Supplied data START

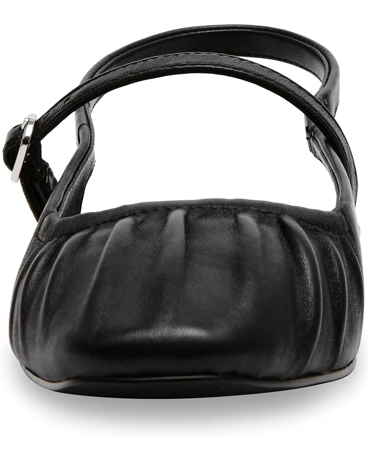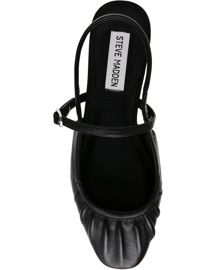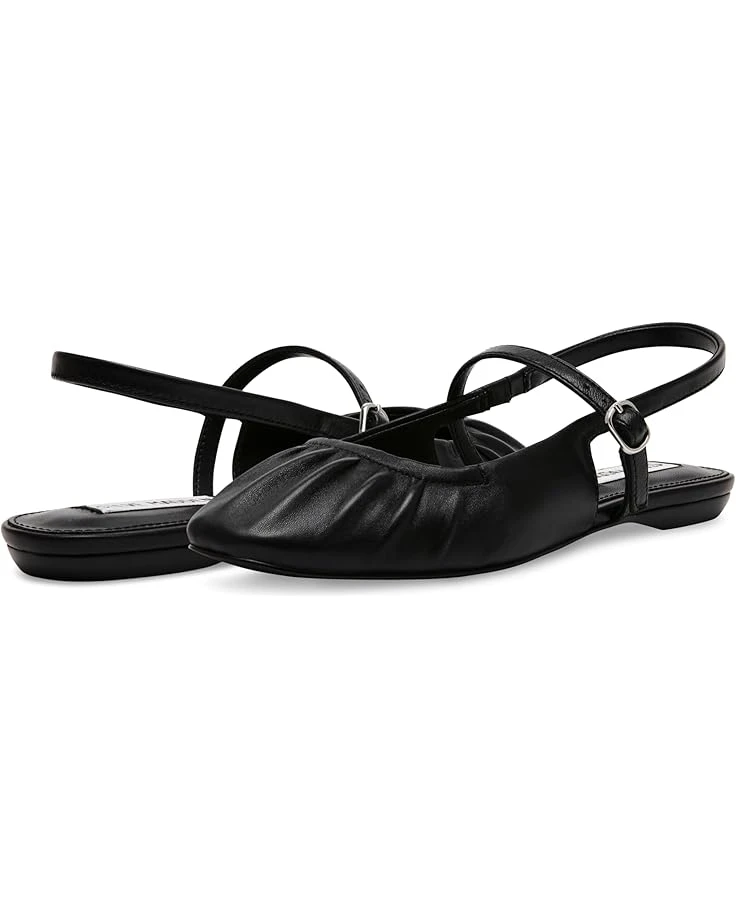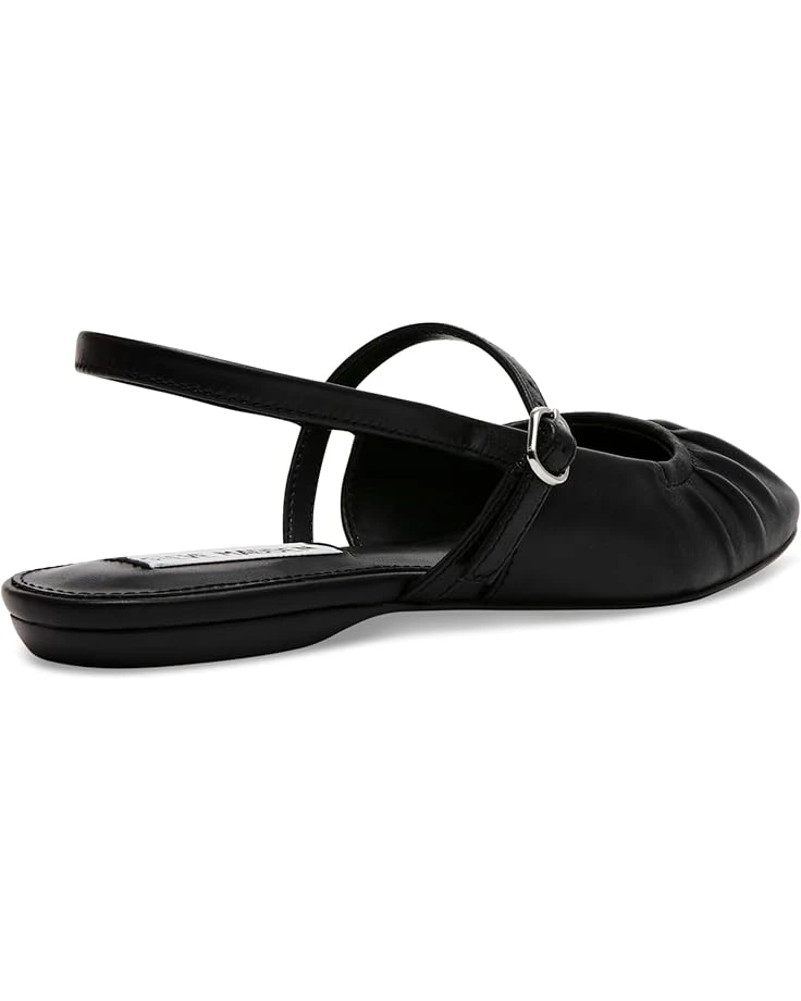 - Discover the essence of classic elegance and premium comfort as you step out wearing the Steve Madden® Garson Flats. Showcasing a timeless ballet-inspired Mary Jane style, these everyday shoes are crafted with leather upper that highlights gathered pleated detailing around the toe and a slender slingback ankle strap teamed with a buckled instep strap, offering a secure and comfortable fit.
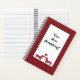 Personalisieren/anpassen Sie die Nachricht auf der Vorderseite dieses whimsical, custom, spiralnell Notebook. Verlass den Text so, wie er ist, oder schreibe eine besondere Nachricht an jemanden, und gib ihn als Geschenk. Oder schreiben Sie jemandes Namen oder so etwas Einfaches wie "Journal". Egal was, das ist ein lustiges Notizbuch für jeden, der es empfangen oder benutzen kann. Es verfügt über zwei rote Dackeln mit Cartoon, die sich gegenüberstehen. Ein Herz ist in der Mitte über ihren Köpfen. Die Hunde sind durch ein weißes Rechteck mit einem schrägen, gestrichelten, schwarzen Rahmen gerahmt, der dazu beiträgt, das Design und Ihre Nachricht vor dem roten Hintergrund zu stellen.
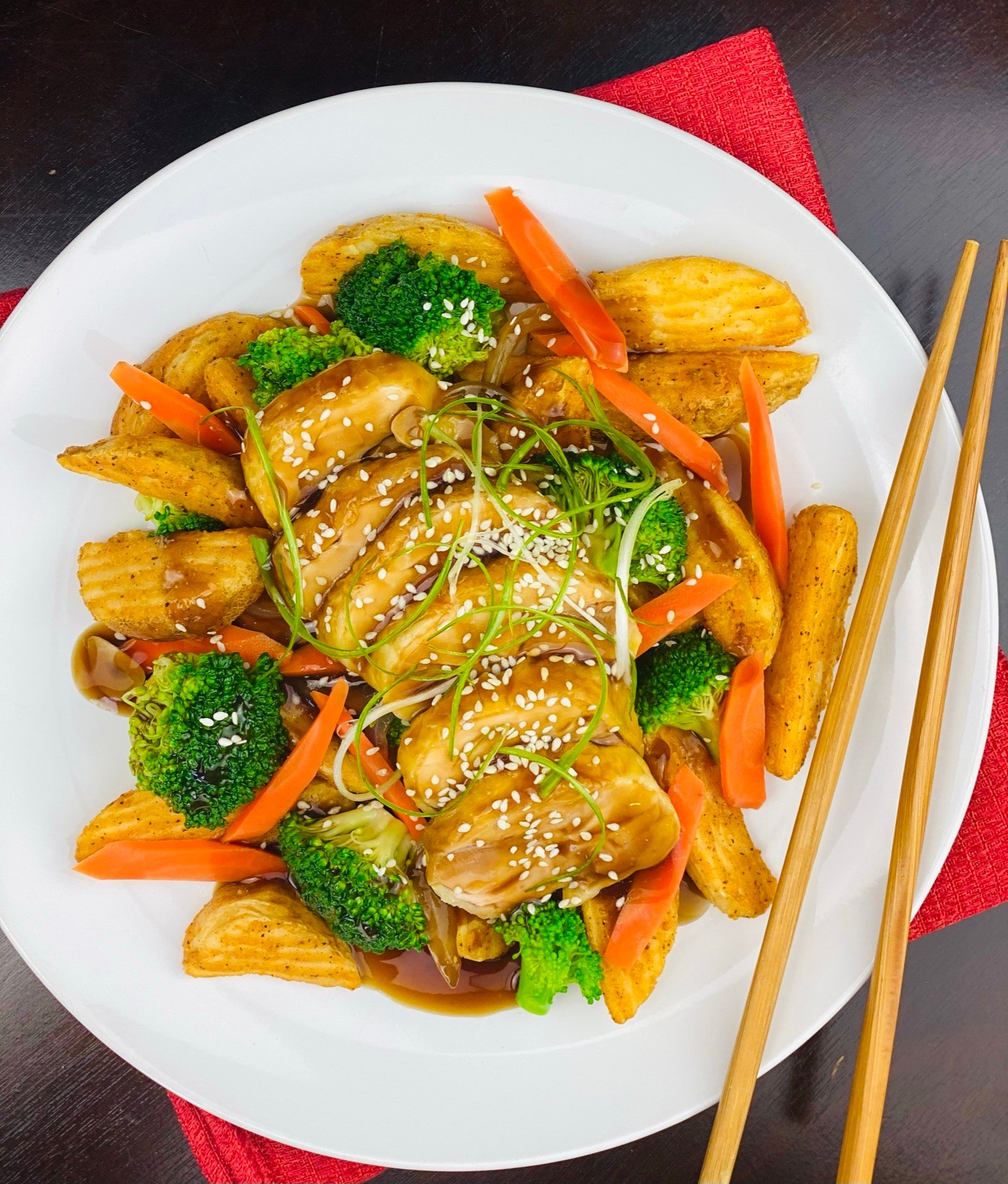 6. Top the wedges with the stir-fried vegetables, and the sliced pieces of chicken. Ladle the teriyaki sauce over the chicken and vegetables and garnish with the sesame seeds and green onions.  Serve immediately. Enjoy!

Supplied data END

→ What is required: Leave the pictures out and restate the listing word for word.

→ Written solution:
 - Discover the essence of classic elegance and premium comfort as you step out wearing the Steve Madden® Garson Flats. Showcasing a timeless ballet-inspired Mary Jane style, these everyday shoes are crafted with leather upper that highlights gathered pleated detailing around the toe and a slender slingback ankle strap teamed with a buckled instep strap, offering a secure and comfortable fit.
 Personalisieren/anpassen Sie die Nachricht auf der Vorderseite dieses whimsical, custom, spiralnell Notebook. Verlass den Text so, wie er ist, oder schreibe eine besondere Nachricht an jemanden, und gib ihn als Geschenk. Oder schreiben Sie jemandes Namen oder so etwas Einfaches wie "Journal". Egal was, das ist ein lustiges Notizbuch für jeden, der es empfangen oder benutzen kann. Es verfügt über zwei rote Dackeln mit Cartoon, die sich gegenüberstehen. Ein Herz ist in der Mitte über ihren Köpfen. Die Hunde sind durch ein weißes Rechteck mit einem schrägen, gestrichelten, schwarzen Rahmen gerahmt, der dazu beiträgt, das Design und Ihre Nachricht vor dem roten Hintergrund zu stellen.
 6. Top the wedges with the stir-fried vegetables, and the sliced pieces of chicken. Ladle the teriyaki sauce over the chicken and vegetables and garnish with the sesame seeds and green onions.  Serve immediately. Enjoy!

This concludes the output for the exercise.